The dependence of the electronic transport properties of ferrite on crystal structure is not exceptional in comparison with other materials. So, you will have to consider the relevant phase diagrams of ferrite and establish what transport measurements have revealed for the transport properties in the regions of these phase diagrams relevant to you.
You may begin with the phase diagram attached. There are also two relatively old papers, dealing with the thermodynamic properties of Iron-Oxygen systems, by LS Darken and RW Gurry, which I similarly attach below.

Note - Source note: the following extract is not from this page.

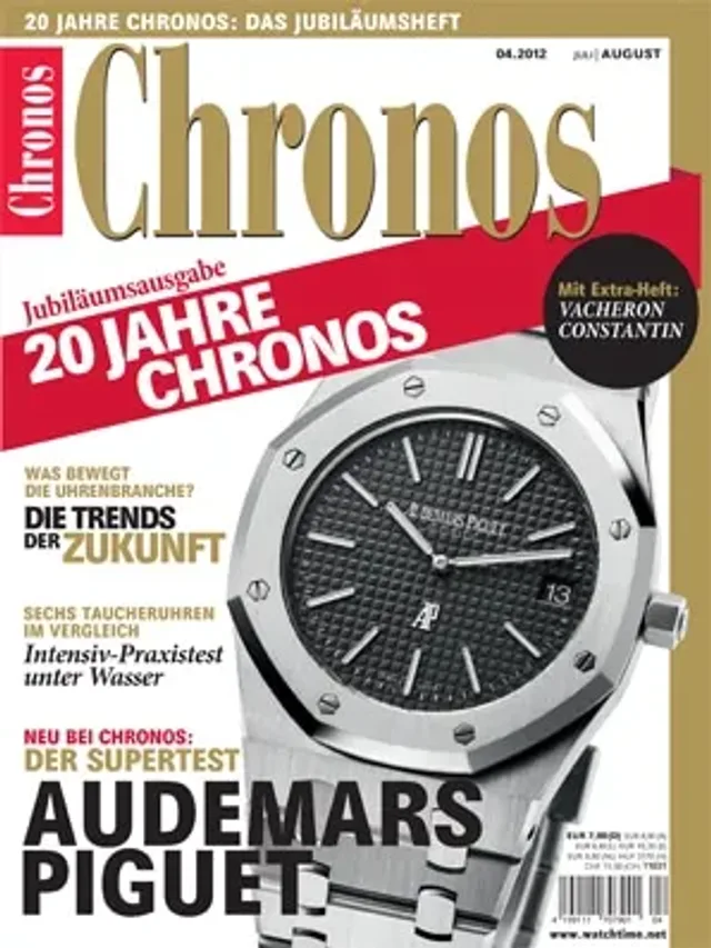 In einem Jubiläumsheft will man natürlich etwas Besonderes bieten. Wir wollten aber diesmal den Blick nicht in die Vergangenheit richten, sondern in die Zukunft. Also nicht: „Die besten Uhren der letzten 20 Jahre“ oder: „Die besten Geschichten aus 20 Jahren Chronos“, sondern: „Wie sieht die Uhrenwelt in fünf oder zehn Jahren aus?“. Dafür haben wir uns überlegt, was derzeit wichtige Themen in der Uhrenbranche sind. Themen, die so wichtig sind, dass sie auch die nächsten Jahre prägen werden. Dabei geht es nicht nur um Trends im engeren Sinn, wie Formen oder Farben, sondern auch um Technik, Materialien, aber auch um Themen von Vertrieb und Marketing.Darüber starten wir in der Jubiläumsausgabe zwei neue Testarten. Zum einen den Supertest. Supertest heißt, dass wir die gesamte Uhr, auch das Werk, komplett zerlegen. Dabei nehmen wir Konstruktion und Dekoration unter die Lupe. Die erste Uhr im Supertest ist die extraflache Jubiläums-Royal-Oak von Audemars Piguet mit dem bekannten Automatikkaliber 2121.Außerdem in Chronos 04.2012: der erste Praxisuhren-Tauchtest. Dazu haben wir sechs Taucheruhren aus verschiedenen Preisbereichen mit ins Wasser genommen. Neben dem Chronos-üblichen Testergebnis mit dem für alle Testuhren gültigen Punkteschema bekommt jede Uhr eine extra Tauchwertung, in der wir sagen, wie gut sie sich im Praxiseinsatz unter Wasser bewährt.Aber natürlich gibt es noch viele andere interessante Artikel. Mehr wird nicht verraten -- wer mehr wissen will, muss schon selbst ins Heft schauen. Erhältlich ist es ab 13. Juli im Zeitschriftenhandel und parallel dazu (auch vorher schon) über unseren Online-Shop.Übrigens: Unser Autor Alexander Linz stellt auf seinem Blog watch-insider.com ebenfalls unsere Jubiläumsausgabe vor. Zu hören gibt es dort auch ein kurzes Interview, das er am 10. Juli mit mir in La Chaux-de-Fonds geführt hat. buc

Perhaps your question is on the Verwey phase that these materials present as an special feature of them. For instance, the magnetite (the oldest ferrite known) has a Verwey temperature around 120 K undergoing a first-order structural phase transition (cubic to octahedral symmetries). At room temperature it is a half-metal while at temperatures below the Verwey transition it suffers a drop of conductivity 2 or 3 orders of magnitude,i.e. it is an insulator. The decrease of conductivity is due to a freezing of electron hopping between octahedral Fe atoms (Fe2+ and Fe3+). Thus we obtain a charge ordering in the unit cell directly related with the orbital order.
More fundamentally speaking, this phase transition characteristic of the ferrites is produced by an electron-phonon coupling under strongly correlated electronic interactions as physical background. The mixture of these different interactions makes that even today the full understanding is not achieved for such transitions.